Differences between the classic language level and all other standard-based language levels

The following outlines the differences between the classic language level and all other standard-based language levels:

Tokenization

Tokens introduced by macro expansion may be combined with adjacent tokens in some cases. Historically, this was an artifact of the text-based implementations of older preprocessors, and because, in older implementations, the preprocessor was a separate program whose output was passed on to the compiler.
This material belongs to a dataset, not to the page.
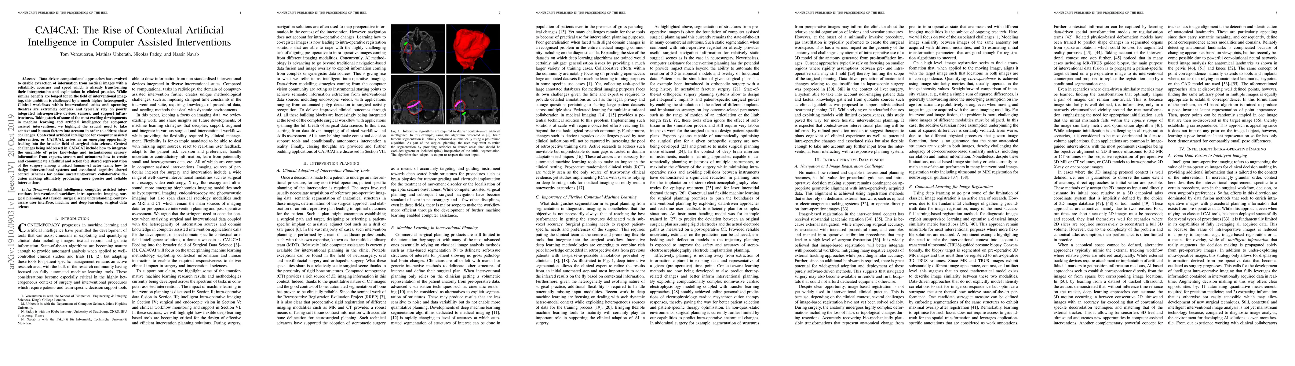 Data-driven computational approaches have evolved to enable extraction of information from medical images with a reliability, accuracy and speed which is already transforming their interpretation and exploitation in clinical practice. While similar benefits are longed for in the field of interventional imaging, this ambition is challenged by a much higher heterogeneity. Clinical workflows within interventional suites and operating theatres are extremely complex and typically rely on poorly integrated intra-operative devices, sensors, and support infrastructures. Taking stock of some of the most exciting developments in machine learning and artificial intelligence for computer assisted interventions, we highlight the crucial need to take context and human factors into account in order to address these challenges. Contextual artificial intelligence for computer assisted intervention, or CAI4CAI, arises as an emerging opportunity feeding into the broader field of surgical data science. Central challenges being addressed in CAI4CAI include how to integrate the ensemble of prior knowledge and instantaneous sensory information from experts, sensors and actuators; how to create and communicate a faithful and actionable shared representation of the surgery among a mixed human-AI actor team; how to design interventional systems and associated cognitive shared control schemes for online uncertainty-aware collaborative decision making ultimately producing more precise and reliable interventions.

For similar reasons, tokens separated only by a comment may also be combined to form a single token. Here is a summary of how tokenization of a program compiled in classic mode is performed:

  1. At a given point in the source file, the next token is the longest sequence of characters that can possibly form a token. For example, i+++++j is tokenized as i ++ ++ + j even though i ++ + ++ j may have resulted in a correct program.
  2. If the token formed is an identifier and a macro name, the macro is replaced by the text of the tokens specified on its #define directive. Each parameter is replaced by the text of the corresponding argument. Comments are removed from both the arguments and the macro text.
  3. Scanning is resumed at the first step from the point at which the macro was replaced, as if it were part of the original program.
  4. When the entire program has been preprocessed, the result is scanned again by the compiler as in the first step. The second and third steps do not apply here since there will be no macros to replace. Constructs generated by the first three steps that resemble preprocessing directives are not processed as such.

It is in the third and fourth steps that the text of adjacent but previously separate tokens may be combined to form new tokens.

The \ character for line continuation is accepted only in string and character literals and on preprocessing directives.

Constructs such as:

#if 0
  “unterminated
#endif
#define US ”Unterminating string
char *s = US terminated now“

will not generate diagnostic messages, since the first is an unterminated literal in a FALSE block, and the second is completed after macro expansion. However:

char *s = US;

will generate a diagnostic message since the string literal in US is not completed before the end of the line.

Empty character literals are allowed. The value of the literal is zero.

Preprocessing directives

The # token must appear in the first column of the line. The token immediately following # is available for macro expansion. The line can be continued with \ only if the name of the directive and, in the following example, the ( has been seen:
#define f(a,b) a+b
f\
(1,2)      /* accepted */
#define f(a,b) a+b
f(\
1,2)       /* not accepted */

The rules concerning \ apply whether or not the directive is valid. For example,

#\
define M 1   /* not allowed */
#def\
ine M 1      /* not allowed */
#define\
M 1          /* allowed */
#dfine\
M 1          /* equivalent to #dfine M 1, even
                   though #dfine is not valid  */

Following are the preprocessor directive differences.

#ifdef/#ifndef
When the first token is not an identifier, no diagnostic message is generated, and the condition is FALSE.
#else
When there are extra tokens, no diagnostic message is generated.
#endif
When there are extra tokens, no diagnostic message is generated.
#include
The < and > are separate tokens. The header is formed by combining the spelling of the < and > with the tokens between them. Therefore /* and // are recognized as comments (and are always stripped), and the and ' do begin literals within the < and >. (Remember that in C programs, C++-style comments // are recognized when -qcpluscmt is specified.)
#line
The spelling of all tokens which are not part of the line number form the new file name. These tokens need not be string literals.
#error
Not recognized.
#define
A valid macro parameter list consists of zero or more identifiers each separated by commas. The commas are ignored and the parameter list is constructed as if they were not specified. The parameter names need not be unique. If there is a conflict, the last name specified is recognized.

For an invalid parameter list, a warning is issued. If a macro name is redefined with a new definition, a warning will be issued and the new definition used.

#undef
When there are extra tokens, no diagnostic message is generated.

Macro expansion

Text output

No text is generated to replace comments.